Couple of crashes

Hello,
2 days ago my dappnode stopped staking. I had to reboot it a couple of times. Then it was staking fine for one day. And again failed…

Sometimes it works back but not all validator are enable. Look likes I had issue with geth. But not sure. I just switched to light client i will see how it goes. I upgraded to lastest geth and prysm ( I dont know why but it was not up to date? Althought auto update is enable).

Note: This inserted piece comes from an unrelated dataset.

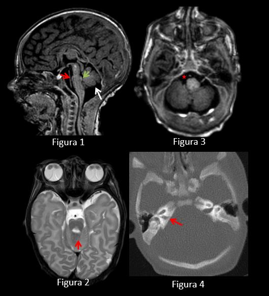 Figura 1: RM secuencia sagital T1. Aplanamiento ventral de la protuberancia (flecha roja) y protrusión del tegmento pontino (“tegmental cap”) hacia el cuarto ventrículo (flecha verde). Vermis hipoplásico con alteración de la foliación (flecha blanca).

My internet connection seems rock solid.

Access is done through android, not the easiest to past logs here.

I can upload a 16mb log not sure how usefull it would be. Any input is welcome!

Thanks
Nuci5 1to hdd

Prysm Version: 1.0.10 (v1.3.3 upstream)
Geth Version: 0.1.14 (v1.10.1 upstream)

Before filing a new topic, please provide the following information.

Core DAppNode Packages versions

  • bind.dnp.dappnode.eth: 0.2.6
  • core.dnp.dappnode.eth: 0.2.42
  • dappmanager.dnp.dappnode.eth: 0.2.38, commit: 85e2b4cf
  • ipfs.dnp.dappnode.eth: 0.2.14
  • vpn.dnp.dappnode.eth: 0.2.8, commit: f9a8743e
  • wifi.dnp.dappnode.eth: 0.2.6

System info

  • docker version: Docker version 18.09.8-ce, build 0dd43dd87fd530113bf44c9bba9ad8b20ce4637f
  • docker compose version: docker-compose version 1.25.5, build unknown
  • platform: linux, x64, 5.9.0-4-amd64
  • Disk usage: 56%

Geth is not the problem. I was staking fine with light eth1.0 client for all night, then today crash again. A couple of reboot later I only get half of my validator running correctly. Openvpn connection doesnt work. I need a hdmi cable coming tomorrow for troubleshoot. Could be a bad nvme?
Worth doing a new fresh install?
Cheers

Working fine for a couple of hours.
Ipfs disable
Light client
Monitoring package disable
One issue not sure if it is related :
Prysm ui is not fully fonctional and I have a warning message I cant fully copy paste being on a phone :
Http failure response from http://prysm.dappnode/api/v2

Firstly you have the latest version:

  • Geth
  • Prysm
  • DAppmanager

Do you have access to the DAppNode UI or the Prysm UI?

If you have access to the DAppNode UI, it would be great to paste your logs or download them and send them to see what is happening. You can do it if you go to Packages > Prysm > logs.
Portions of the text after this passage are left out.